Lawyering to the Lowest Common Denominator: Strickland's Potential for Incorporating Underfunded Norms into Legal Doctrine
5 Faulkner Law Review 199 (2014)
24 Pages Posted: 13 Jan 2015 Last revised: 9 Mar 2015
Date Written: April 1, 2014
This symposium article (written per invitation to serve as Lead Speaker) explores how ineffective assistance of counsel doctrine, by its design, may incorporate and exacerbate the failings of an underfunded indigent defense system. Specifically, it highlights two aspects of the Strickland v. Washington standard for ineffective assistance of counsel: first, its inability to effectively address issues of underfunding through its two-prong test of deficient performance and prejudice; and, second, the way in which its eschewal of specific substantive guidelines for attorney performance in favor of reliance on “prevailing professional norms” may allow legal doctrine to be influenced by anemic, localized practice norms resulting from a lack of resources.

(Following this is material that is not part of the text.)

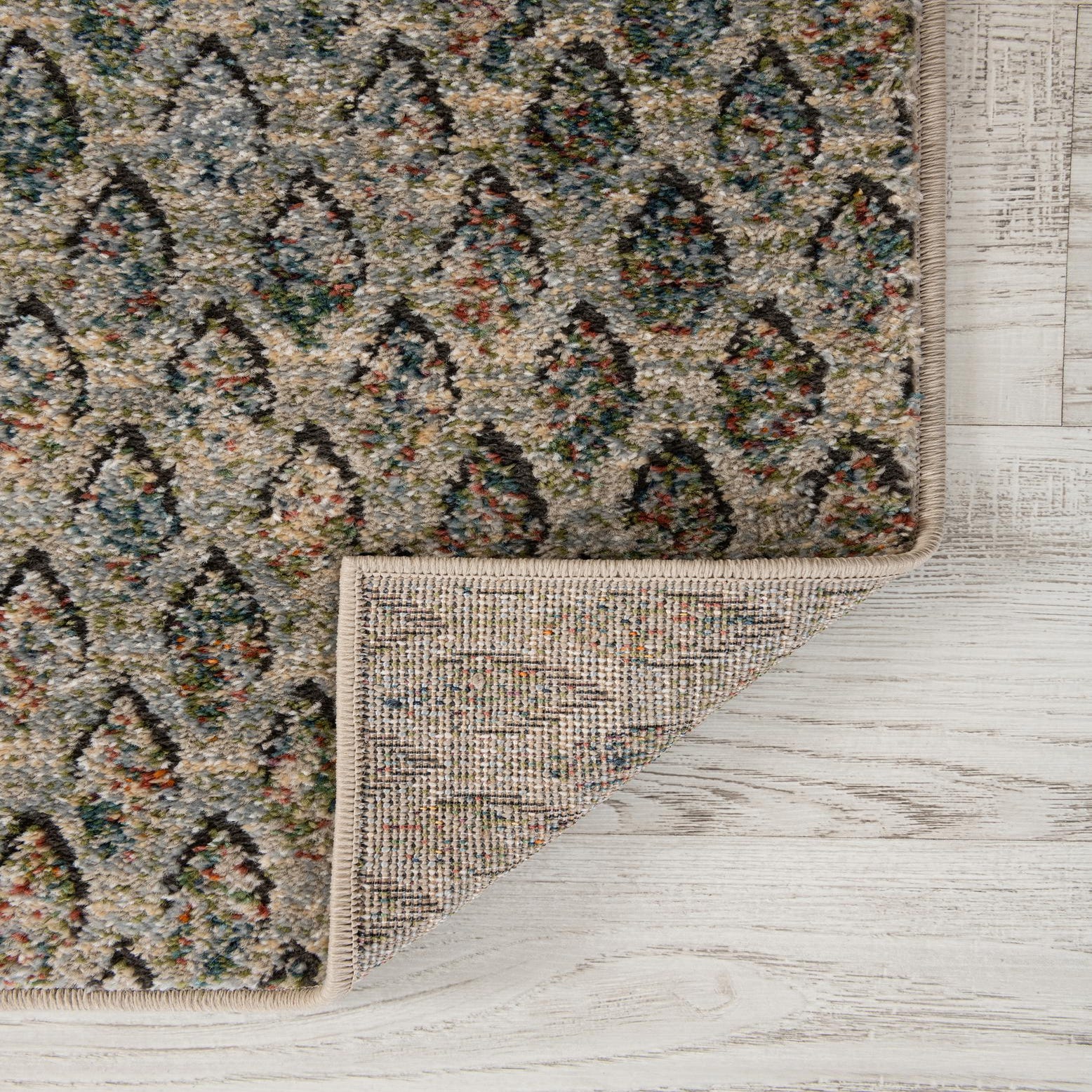 A square multi-colored rug with a textured, diamond-like pattern in shades of beige, green, and brown.

As part of its analysis, this piece surveys Alabama court decisions invoking the “prevailing professional norms” terminology under Strickland to determine the sources on which Alabama courts rely to assess the reasonableness of attorney conduct. This research reveals that the Alabama courts are unlikely to afford weight to systemic funding deficiencies. Moreover, in defining “professional norms,” Alabama courts more likely to rely on previous instances of attorney conduct that have been deemed constitutionally sufficient or local practice norms than on external sources such as the ABA Guidelines. This trend is in line with the Supreme Court’s latest word on the issue, which emphasizes that the ABA Guidelines are not definitive and that courts should have more freedom in determining what constitutes reasonable attorney performance. Unfortunately, it also increases the likelihood that “reasonableness,” and thus the meaning of the Sixth Amendment’s guarantee to the effective assistance of counsel, will be defined by lowered practice standards resulting from systemic underfunding.

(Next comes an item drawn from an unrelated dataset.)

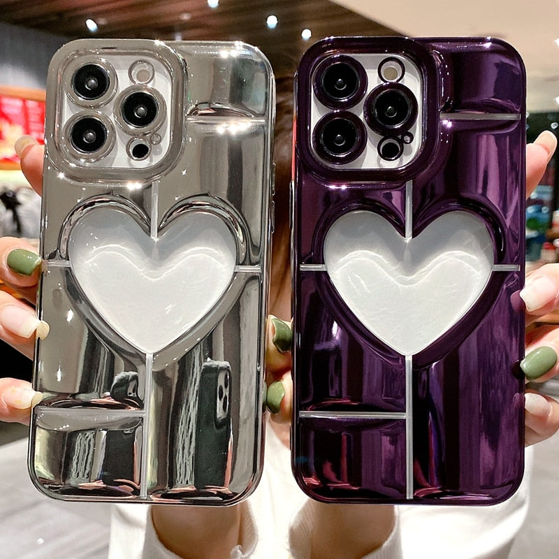 Luxury Soft Love Heart Phone Case For IPhone 14 /13 /12 Shockproof Silicone Electroplate Bumper Cover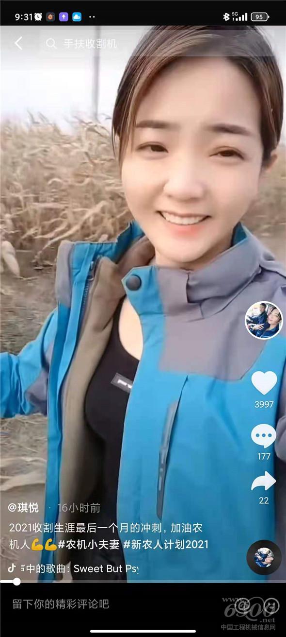 琪悦说:“以前我的抖音号主要记录和孩子在一起的生活片段,没多少阅读量,大约2020年5月我拍了一条我们收割小麦和在田间吃饭的短视频,没想到获得了一万多人点赞,还有许多网友转发、留言,留言中有问我们收割机质量怎么样的,也有让我们到他们那里收割的。我意识到这个抖音将会成为我们跨区道路上的‘好帮手’。从此,我开始有意识地在抖音上发布一些跨区收割情况,以及我们跨区机手的生活,慢慢地获得了许多人的关注,目前已有粉丝31万多,后来我又注册了快手号,拍摄的视频在快手上同步发布,目前粉丝已有20多万。

In response to these findings, the article makes several recommendations as to how courts reviewing ineffective assistance of counsel claims might better respond to the potential impact of underfunding on the effectiveness of defense counsel. More generally, it suggests that courts should be mindful of how funding issues not only hinder the effective application of right to counsel doctrine, but also have the potential to degrade the law’s ability to protect against future ineffective assistance.